ACTIVITY
Take the data from its first line. Print each line exactly until the line containing "Kích thước mỏ của" has been printed too.

GIVEN DATA
--- START ---

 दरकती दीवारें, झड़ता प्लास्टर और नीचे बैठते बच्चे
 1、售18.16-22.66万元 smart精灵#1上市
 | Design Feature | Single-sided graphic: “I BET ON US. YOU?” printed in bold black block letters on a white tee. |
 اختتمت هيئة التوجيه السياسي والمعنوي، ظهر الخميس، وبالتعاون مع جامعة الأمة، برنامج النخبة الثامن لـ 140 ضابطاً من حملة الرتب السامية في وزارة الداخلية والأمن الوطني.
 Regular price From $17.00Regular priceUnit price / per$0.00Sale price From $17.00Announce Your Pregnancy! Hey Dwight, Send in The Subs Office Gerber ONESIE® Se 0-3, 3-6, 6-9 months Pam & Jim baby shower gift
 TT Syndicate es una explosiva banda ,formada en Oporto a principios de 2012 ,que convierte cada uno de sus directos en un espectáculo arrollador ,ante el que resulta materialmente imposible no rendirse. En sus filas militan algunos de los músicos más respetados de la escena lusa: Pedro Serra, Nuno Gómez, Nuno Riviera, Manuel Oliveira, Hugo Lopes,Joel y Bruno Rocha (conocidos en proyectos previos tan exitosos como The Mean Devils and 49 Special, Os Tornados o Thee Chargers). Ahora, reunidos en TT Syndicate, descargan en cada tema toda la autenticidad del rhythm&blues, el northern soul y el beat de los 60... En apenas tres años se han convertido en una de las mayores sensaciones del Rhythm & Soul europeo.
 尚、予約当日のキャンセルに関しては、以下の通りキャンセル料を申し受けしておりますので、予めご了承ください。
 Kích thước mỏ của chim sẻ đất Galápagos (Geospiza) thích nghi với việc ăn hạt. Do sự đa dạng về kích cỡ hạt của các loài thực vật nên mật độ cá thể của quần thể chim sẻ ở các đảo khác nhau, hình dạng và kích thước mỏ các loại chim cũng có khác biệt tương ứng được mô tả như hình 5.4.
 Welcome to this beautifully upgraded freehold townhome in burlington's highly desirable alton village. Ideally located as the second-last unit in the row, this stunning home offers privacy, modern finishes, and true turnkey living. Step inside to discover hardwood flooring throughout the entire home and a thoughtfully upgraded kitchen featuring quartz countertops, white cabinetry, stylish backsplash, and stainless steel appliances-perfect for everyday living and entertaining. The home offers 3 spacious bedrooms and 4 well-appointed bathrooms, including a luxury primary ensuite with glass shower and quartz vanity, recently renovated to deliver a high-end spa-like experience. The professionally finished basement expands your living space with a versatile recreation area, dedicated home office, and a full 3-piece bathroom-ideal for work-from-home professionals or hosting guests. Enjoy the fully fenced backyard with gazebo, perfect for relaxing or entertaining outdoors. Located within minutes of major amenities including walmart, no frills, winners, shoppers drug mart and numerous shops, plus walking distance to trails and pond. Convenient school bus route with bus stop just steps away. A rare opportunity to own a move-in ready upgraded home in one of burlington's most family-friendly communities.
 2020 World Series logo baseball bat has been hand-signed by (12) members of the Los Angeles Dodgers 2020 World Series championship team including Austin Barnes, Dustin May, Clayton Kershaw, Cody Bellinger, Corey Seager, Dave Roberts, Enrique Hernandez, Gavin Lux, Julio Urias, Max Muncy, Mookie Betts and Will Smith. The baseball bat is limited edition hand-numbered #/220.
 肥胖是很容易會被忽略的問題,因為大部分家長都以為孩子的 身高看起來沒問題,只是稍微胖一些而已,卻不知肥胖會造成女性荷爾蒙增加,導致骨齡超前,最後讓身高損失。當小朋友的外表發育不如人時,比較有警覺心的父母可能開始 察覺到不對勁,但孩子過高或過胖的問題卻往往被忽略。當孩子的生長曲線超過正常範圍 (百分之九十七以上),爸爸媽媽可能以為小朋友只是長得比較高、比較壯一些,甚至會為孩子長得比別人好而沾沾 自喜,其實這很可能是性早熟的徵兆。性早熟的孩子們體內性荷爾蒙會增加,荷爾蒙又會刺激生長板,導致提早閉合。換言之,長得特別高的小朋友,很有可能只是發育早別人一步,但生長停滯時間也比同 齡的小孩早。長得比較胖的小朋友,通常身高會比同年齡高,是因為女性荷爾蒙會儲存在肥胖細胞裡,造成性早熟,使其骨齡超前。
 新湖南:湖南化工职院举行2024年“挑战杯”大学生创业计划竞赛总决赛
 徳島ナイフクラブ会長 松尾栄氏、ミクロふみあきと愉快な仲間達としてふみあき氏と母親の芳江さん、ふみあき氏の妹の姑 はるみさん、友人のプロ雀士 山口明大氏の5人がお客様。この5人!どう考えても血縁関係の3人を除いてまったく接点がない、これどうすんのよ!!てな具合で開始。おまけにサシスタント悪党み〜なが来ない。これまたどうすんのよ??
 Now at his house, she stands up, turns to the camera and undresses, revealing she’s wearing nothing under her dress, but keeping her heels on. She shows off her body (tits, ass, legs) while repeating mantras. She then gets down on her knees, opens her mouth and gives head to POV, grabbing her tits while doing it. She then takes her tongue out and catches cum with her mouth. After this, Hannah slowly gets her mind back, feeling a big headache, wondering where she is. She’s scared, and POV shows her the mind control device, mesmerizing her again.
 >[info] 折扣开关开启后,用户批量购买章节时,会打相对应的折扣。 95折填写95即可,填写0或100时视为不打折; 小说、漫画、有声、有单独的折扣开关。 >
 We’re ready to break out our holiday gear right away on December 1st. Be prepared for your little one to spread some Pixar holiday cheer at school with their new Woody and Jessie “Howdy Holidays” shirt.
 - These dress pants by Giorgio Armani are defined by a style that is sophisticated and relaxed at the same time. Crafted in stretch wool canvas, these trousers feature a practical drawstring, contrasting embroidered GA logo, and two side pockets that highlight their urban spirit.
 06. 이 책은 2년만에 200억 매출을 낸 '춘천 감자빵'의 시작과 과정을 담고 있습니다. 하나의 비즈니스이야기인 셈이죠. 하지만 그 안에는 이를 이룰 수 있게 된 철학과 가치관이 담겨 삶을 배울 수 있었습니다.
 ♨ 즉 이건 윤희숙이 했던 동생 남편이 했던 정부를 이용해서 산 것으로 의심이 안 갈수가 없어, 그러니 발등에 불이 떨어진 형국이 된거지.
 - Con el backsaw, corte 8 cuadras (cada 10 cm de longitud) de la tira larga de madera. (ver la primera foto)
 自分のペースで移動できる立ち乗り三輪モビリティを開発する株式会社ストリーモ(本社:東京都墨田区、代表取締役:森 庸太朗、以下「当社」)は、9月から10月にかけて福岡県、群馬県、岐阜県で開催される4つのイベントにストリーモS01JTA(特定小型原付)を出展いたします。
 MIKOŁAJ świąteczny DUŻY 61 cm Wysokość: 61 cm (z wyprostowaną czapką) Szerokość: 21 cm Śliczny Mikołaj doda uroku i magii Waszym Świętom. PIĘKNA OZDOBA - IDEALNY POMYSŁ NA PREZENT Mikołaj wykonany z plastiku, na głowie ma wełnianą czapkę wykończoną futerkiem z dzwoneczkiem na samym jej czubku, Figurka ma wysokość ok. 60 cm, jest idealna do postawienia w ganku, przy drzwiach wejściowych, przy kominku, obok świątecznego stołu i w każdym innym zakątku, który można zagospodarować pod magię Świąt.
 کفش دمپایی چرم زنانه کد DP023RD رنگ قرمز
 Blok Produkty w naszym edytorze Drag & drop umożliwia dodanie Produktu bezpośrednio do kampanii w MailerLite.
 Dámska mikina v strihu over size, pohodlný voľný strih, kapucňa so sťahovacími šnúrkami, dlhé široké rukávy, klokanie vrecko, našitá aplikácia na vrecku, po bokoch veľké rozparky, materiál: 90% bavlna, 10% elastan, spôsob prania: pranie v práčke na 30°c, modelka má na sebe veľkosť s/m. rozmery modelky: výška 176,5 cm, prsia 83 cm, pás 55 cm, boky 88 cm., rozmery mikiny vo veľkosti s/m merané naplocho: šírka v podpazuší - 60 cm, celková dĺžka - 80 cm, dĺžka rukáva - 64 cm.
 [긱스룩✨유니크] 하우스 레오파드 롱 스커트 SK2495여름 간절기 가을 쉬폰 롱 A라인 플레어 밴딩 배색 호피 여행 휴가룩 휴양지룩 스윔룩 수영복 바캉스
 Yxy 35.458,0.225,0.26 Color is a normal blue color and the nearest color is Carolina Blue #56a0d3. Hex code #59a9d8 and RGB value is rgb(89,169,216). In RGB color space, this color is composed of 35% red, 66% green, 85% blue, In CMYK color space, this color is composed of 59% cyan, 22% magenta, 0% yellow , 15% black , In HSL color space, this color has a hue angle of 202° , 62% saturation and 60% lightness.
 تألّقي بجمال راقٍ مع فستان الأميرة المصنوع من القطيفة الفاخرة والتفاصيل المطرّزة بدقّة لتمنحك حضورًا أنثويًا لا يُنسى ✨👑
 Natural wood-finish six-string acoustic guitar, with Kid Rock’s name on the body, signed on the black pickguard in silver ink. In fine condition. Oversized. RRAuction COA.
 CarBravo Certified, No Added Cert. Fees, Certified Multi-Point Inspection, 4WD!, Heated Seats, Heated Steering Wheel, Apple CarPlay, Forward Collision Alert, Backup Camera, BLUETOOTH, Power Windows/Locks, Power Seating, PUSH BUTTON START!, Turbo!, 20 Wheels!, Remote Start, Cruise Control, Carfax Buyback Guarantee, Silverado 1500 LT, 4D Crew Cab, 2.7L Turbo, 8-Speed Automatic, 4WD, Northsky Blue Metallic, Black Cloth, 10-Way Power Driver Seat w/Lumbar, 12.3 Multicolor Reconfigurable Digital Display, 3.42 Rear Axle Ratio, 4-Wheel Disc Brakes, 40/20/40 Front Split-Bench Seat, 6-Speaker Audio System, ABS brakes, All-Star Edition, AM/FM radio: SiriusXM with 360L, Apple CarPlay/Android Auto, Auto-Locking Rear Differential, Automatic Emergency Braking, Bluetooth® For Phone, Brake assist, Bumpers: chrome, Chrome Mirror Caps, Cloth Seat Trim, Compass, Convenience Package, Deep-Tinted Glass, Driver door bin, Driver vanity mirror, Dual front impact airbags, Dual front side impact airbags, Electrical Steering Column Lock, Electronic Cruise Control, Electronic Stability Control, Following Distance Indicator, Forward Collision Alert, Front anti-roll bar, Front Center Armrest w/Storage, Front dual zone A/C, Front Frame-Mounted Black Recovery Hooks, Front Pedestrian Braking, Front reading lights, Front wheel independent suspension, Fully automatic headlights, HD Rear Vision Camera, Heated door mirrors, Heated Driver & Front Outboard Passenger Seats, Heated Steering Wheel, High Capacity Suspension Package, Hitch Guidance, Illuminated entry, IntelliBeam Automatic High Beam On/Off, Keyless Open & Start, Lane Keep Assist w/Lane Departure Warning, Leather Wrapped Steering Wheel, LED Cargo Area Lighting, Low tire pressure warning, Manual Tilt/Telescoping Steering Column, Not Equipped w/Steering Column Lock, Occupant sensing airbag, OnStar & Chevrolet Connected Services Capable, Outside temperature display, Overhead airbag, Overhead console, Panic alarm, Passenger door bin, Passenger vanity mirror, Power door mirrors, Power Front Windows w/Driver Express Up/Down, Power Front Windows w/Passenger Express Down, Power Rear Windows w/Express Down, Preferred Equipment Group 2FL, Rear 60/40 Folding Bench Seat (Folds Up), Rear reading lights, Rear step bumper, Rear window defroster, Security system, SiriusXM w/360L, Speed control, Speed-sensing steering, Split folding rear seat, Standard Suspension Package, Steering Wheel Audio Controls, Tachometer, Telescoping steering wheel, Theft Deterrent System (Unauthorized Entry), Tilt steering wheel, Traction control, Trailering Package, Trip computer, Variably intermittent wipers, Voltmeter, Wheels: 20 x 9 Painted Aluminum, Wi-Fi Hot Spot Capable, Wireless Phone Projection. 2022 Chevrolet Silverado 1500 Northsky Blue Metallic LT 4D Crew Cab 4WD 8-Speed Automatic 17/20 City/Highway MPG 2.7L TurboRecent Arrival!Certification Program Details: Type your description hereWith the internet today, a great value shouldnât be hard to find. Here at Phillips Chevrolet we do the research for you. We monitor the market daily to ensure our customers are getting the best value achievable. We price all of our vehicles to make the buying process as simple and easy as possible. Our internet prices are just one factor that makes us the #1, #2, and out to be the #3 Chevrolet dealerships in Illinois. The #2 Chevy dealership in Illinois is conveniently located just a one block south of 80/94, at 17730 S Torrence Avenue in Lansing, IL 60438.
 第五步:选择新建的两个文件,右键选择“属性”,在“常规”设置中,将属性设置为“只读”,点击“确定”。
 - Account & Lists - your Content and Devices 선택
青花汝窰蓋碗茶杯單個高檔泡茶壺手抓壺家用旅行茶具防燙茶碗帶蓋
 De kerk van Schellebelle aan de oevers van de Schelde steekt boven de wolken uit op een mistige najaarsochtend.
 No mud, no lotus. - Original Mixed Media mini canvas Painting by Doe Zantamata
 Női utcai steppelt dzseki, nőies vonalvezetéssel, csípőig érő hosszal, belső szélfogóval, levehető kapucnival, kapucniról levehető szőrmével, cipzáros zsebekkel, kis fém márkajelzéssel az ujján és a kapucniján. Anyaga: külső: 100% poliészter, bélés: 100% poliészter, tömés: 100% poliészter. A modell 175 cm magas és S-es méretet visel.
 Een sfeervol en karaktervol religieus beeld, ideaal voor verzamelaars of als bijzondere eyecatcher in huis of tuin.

--- END ---

RESPONSE AREA
 दरकती दीवारें, झड़ता प्लास्टर और नीचे बैठते बच्चे
 1、售18.16-22.66万元 smart精灵#1上市
 | Design Feature | Single-sided graphic: “I BET ON US. YOU?” printed in bold black block letters on a white tee. |
 اختتمت هيئة التوجيه السياسي والمعنوي، ظهر الخميس، وبالتعاون مع جامعة الأمة، برنامج النخبة الثامن لـ 140 ضابطاً من حملة الرتب السامية في وزارة الداخلية والأمن الوطني.
 Regular price From $17.00Regular priceUnit price / per$0.00Sale price From $17.00Announce Your Pregnancy! Hey Dwight, Send in The Subs Office Gerber ONESIE® Se 0-3, 3-6, 6-9 months Pam & Jim baby shower gift
 TT Syndicate es una explosiva banda ,formada en Oporto a principios de 2012 ,que convierte cada uno de sus directos en un espectáculo arrollador ,ante el que resulta materialmente imposible no rendirse. En sus filas militan algunos de los músicos más respetados de la escena lusa: Pedro Serra, Nuno Gómez, Nuno Riviera, Manuel Oliveira, Hugo Lopes,Joel y Bruno Rocha (conocidos en proyectos previos tan exitosos como The Mean Devils and 49 Special, Os Tornados o Thee Chargers). Ahora, reunidos en TT Syndicate, descargan en cada tema toda la autenticidad del rhythm&blues, el northern soul y el beat de los 60... En apenas tres años se han convertido en una de las mayores sensaciones del Rhythm & Soul europeo.
 尚、予約当日のキャンセルに関しては、以下の通りキャンセル料を申し受けしておりますので、予めご了承ください。
 Kích thước mỏ của chim sẻ đất Galápagos (Geospiza) thích nghi với việc ăn hạt. Do sự đa dạng về kích cỡ hạt của các loài thực vật nên mật độ cá thể của quần thể chim sẻ ở các đảo khác nhau, hình dạng và kích thước mỏ các loại chim cũng có khác biệt tương ứng được mô tả như hình 5.4.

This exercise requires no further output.